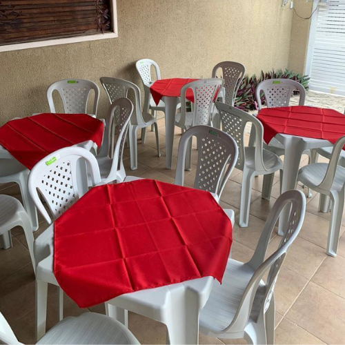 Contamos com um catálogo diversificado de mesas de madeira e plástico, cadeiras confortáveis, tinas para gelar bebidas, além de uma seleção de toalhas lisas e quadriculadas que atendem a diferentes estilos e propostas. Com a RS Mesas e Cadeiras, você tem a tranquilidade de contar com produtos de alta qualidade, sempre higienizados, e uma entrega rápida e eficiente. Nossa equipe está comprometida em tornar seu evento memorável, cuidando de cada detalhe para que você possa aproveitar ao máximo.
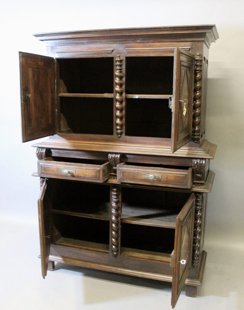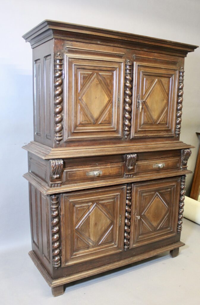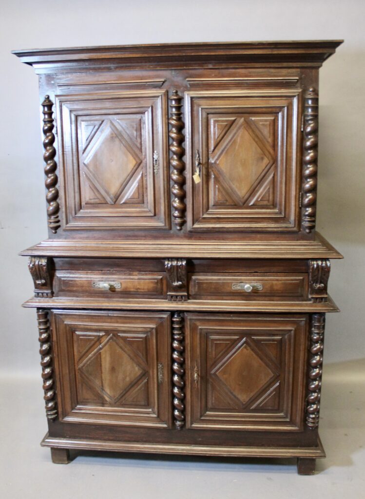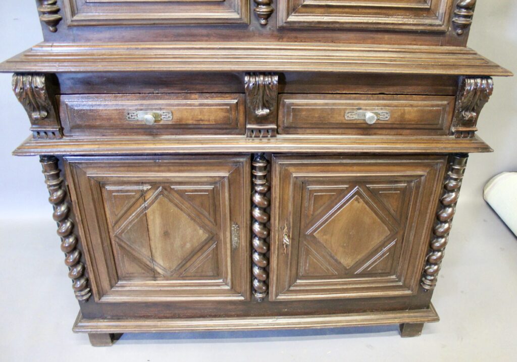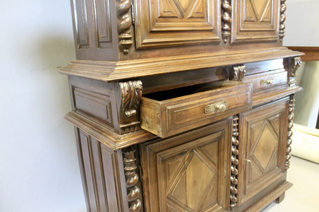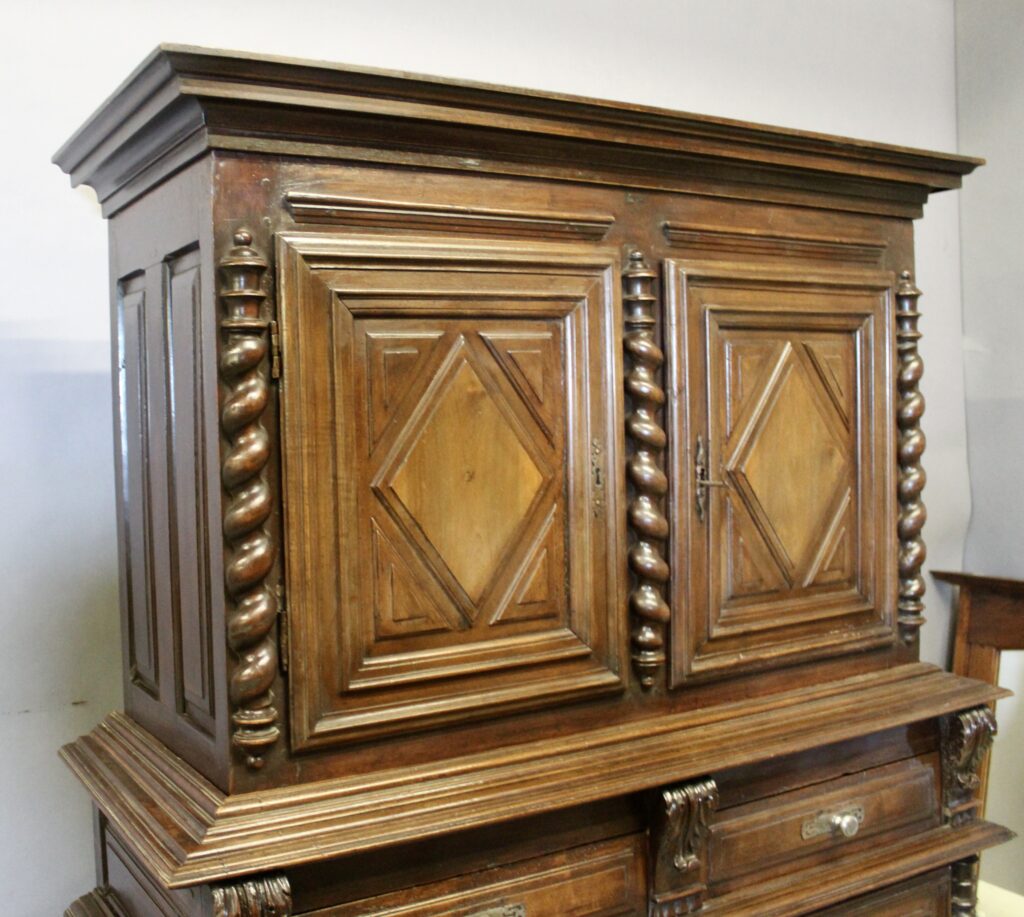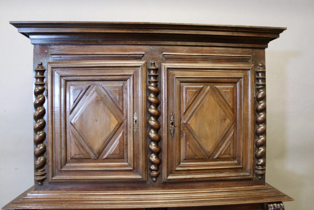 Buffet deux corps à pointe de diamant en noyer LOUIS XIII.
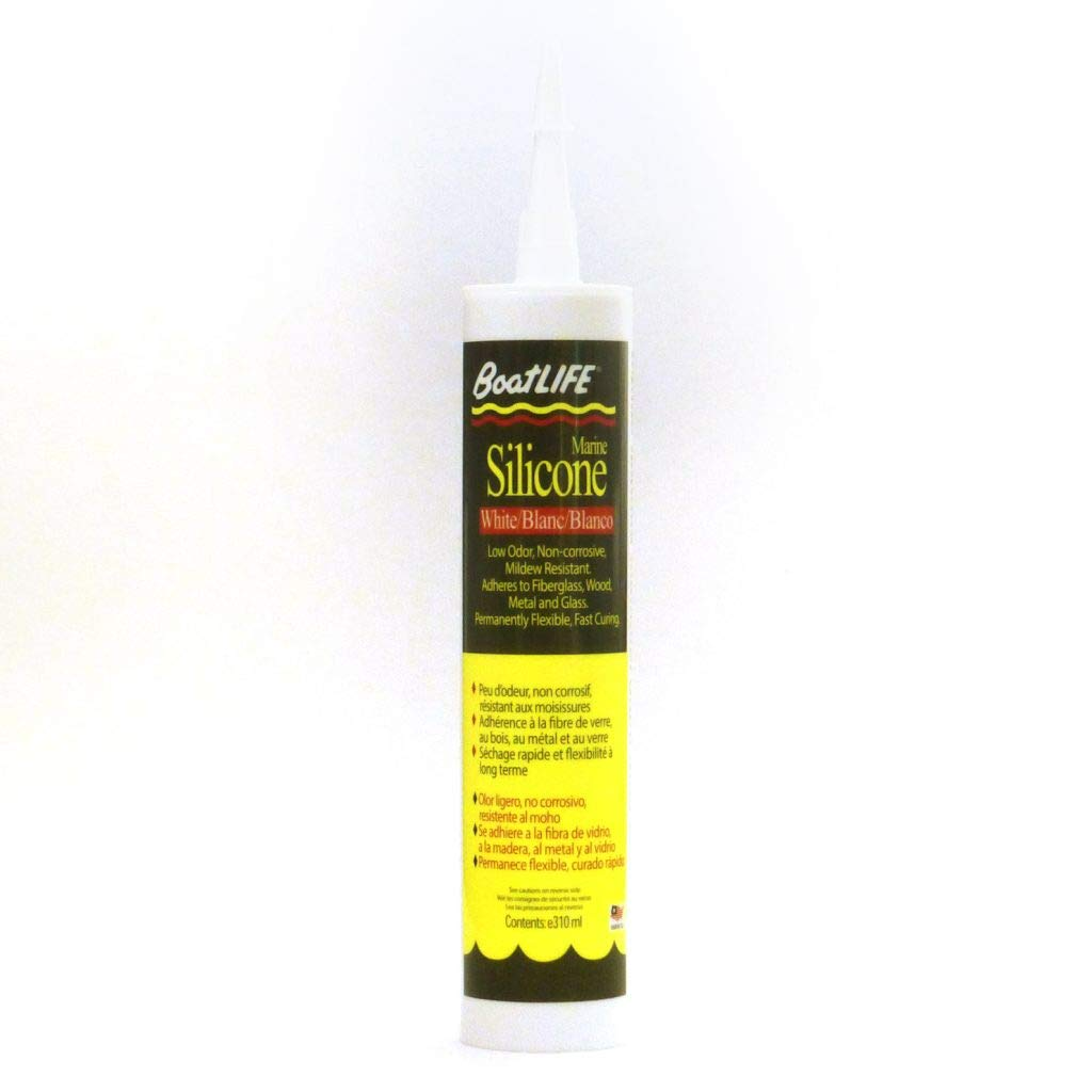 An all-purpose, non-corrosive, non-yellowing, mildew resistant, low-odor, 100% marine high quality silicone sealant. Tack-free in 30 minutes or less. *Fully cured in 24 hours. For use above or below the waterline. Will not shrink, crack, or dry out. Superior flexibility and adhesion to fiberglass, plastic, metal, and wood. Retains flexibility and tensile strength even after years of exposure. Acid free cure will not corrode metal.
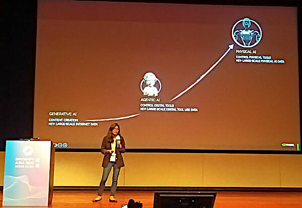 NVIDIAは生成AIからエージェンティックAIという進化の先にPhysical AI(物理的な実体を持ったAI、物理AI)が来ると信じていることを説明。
+++++
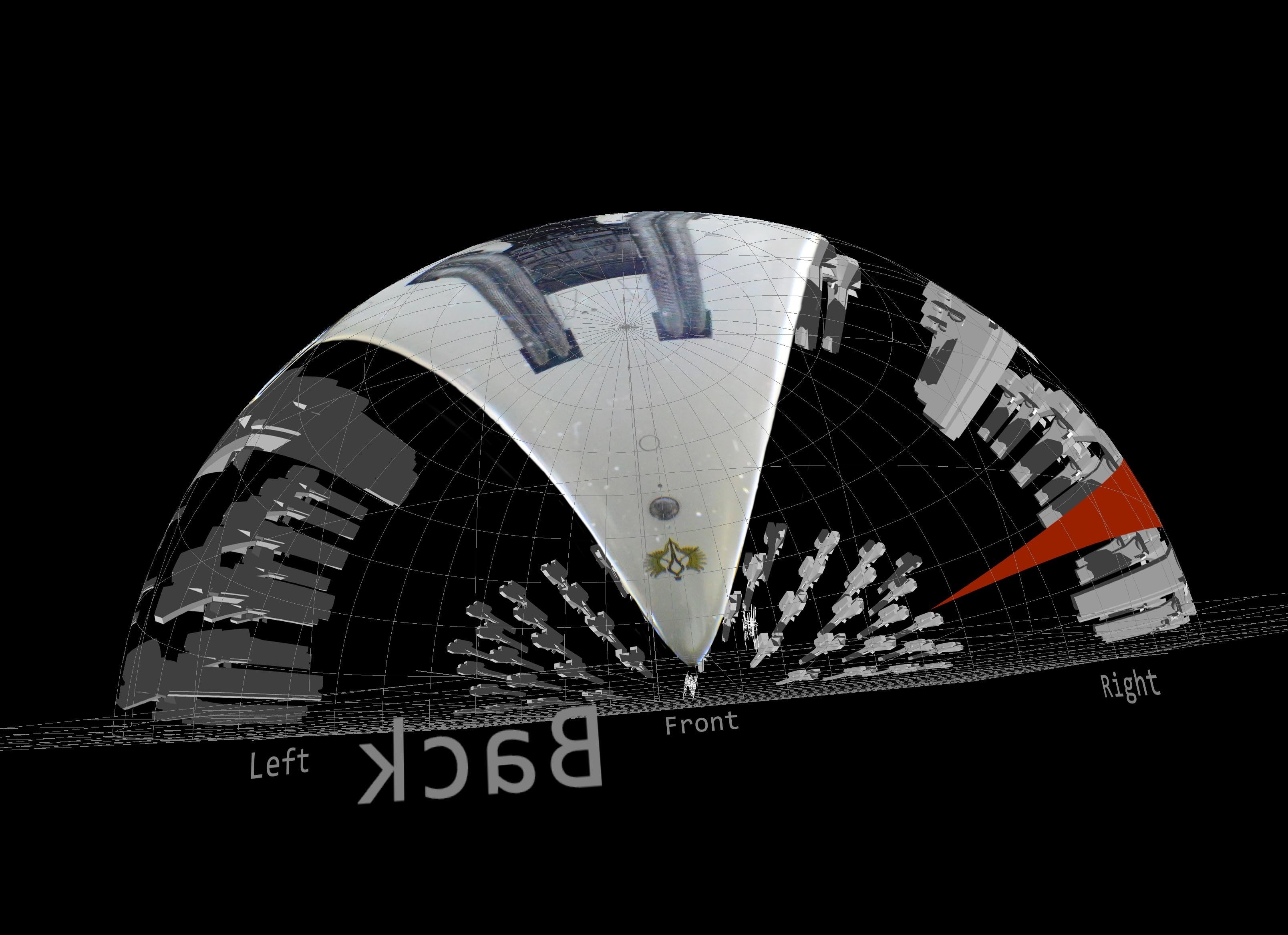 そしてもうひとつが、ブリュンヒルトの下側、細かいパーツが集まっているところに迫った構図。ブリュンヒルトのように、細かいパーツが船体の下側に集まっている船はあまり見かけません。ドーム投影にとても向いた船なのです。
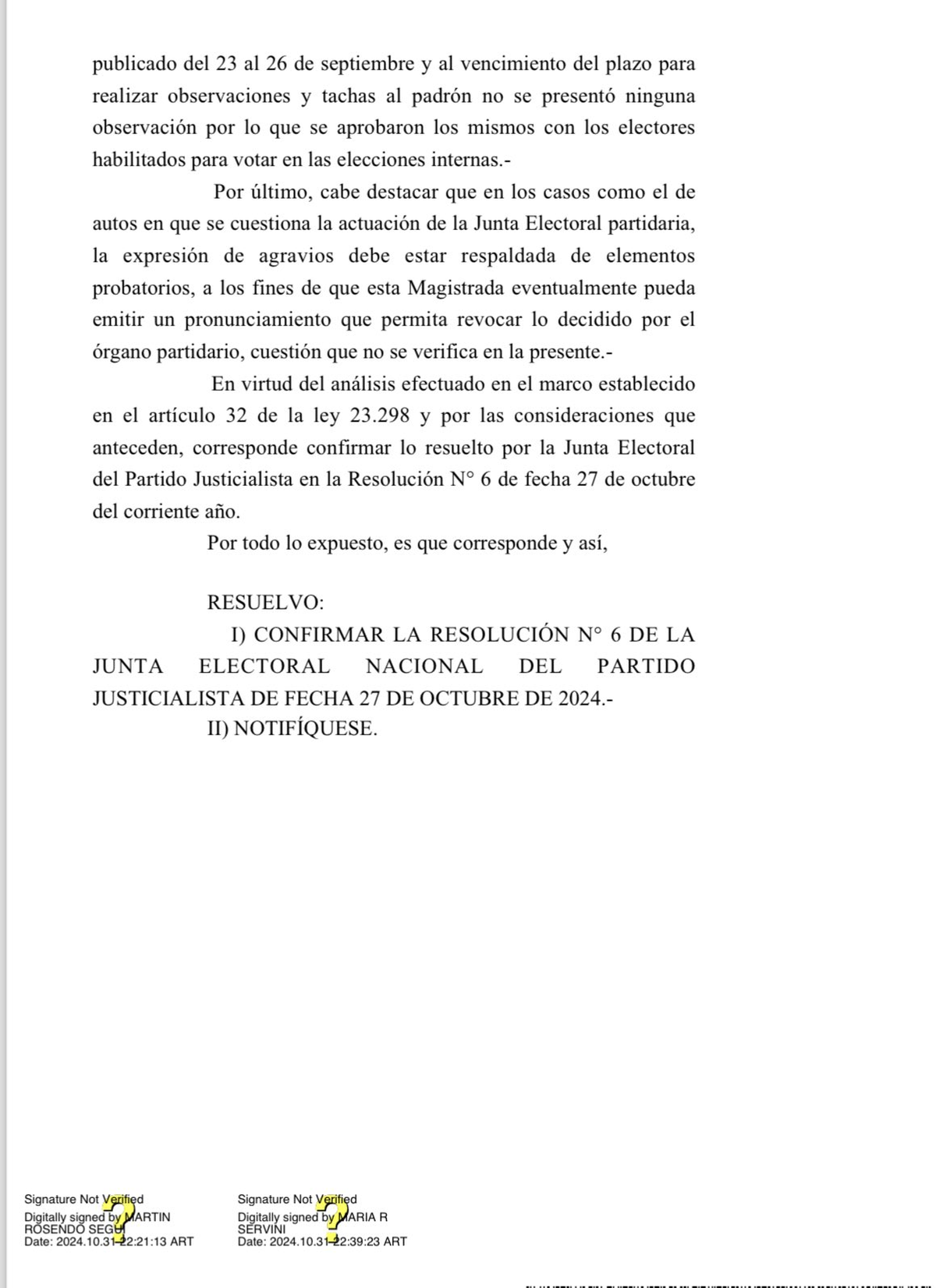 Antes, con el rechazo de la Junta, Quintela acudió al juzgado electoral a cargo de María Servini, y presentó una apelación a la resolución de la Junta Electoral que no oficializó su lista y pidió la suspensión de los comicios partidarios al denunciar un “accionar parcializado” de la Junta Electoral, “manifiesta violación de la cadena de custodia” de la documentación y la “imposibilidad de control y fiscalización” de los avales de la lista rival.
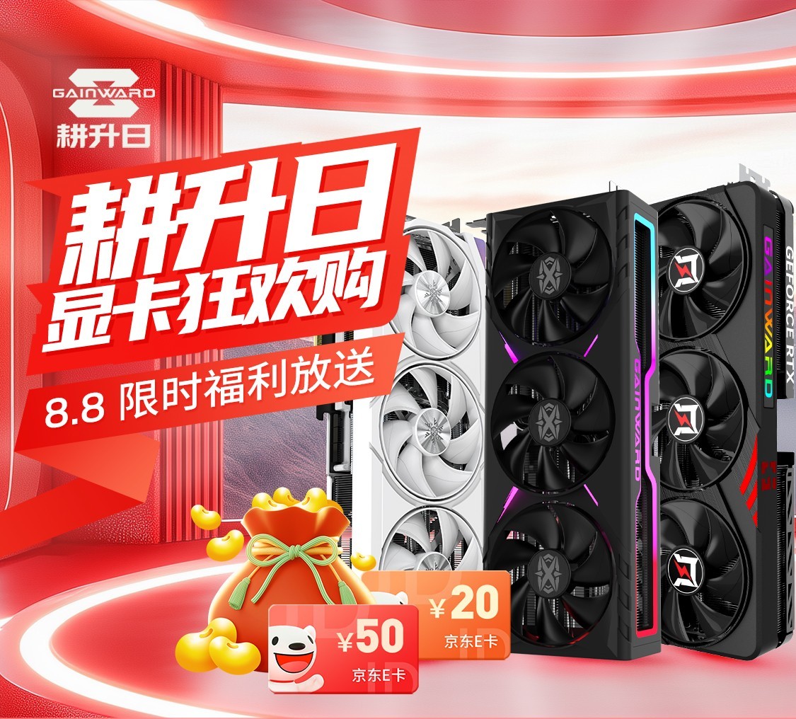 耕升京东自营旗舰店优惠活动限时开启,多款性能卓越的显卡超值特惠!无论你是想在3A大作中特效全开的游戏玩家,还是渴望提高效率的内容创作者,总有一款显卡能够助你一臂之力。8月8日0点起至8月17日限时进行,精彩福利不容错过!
+++++
» About this exercise
Taking the entries above, copy word for word the lines from the one with "Buffet deux corps" up to and including the one with "NVIDIAは生成AIからエ", without any picture.

» Task response
 Buffet deux corps à pointe de diamant en noyer LOUIS XIII.
 An all-purpose, non-corrosive, non-yellowing, mildew resistant, low-odor, 100% marine high quality silicone sealant. Tack-free in 30 minutes or less. *Fully cured in 24 hours. For use above or below the waterline. Will not shrink, crack, or dry out. Superior flexibility and adhesion to fiberglass, plastic, metal, and wood. Retains flexibility and tensile strength even after years of exposure. Acid free cure will not corrode metal.
 NVIDIAは生成AIからエージェンティックAIという進化の先にPhysical AI(物理的な実体を持ったAI、物理AI)が来ると信じていることを説明。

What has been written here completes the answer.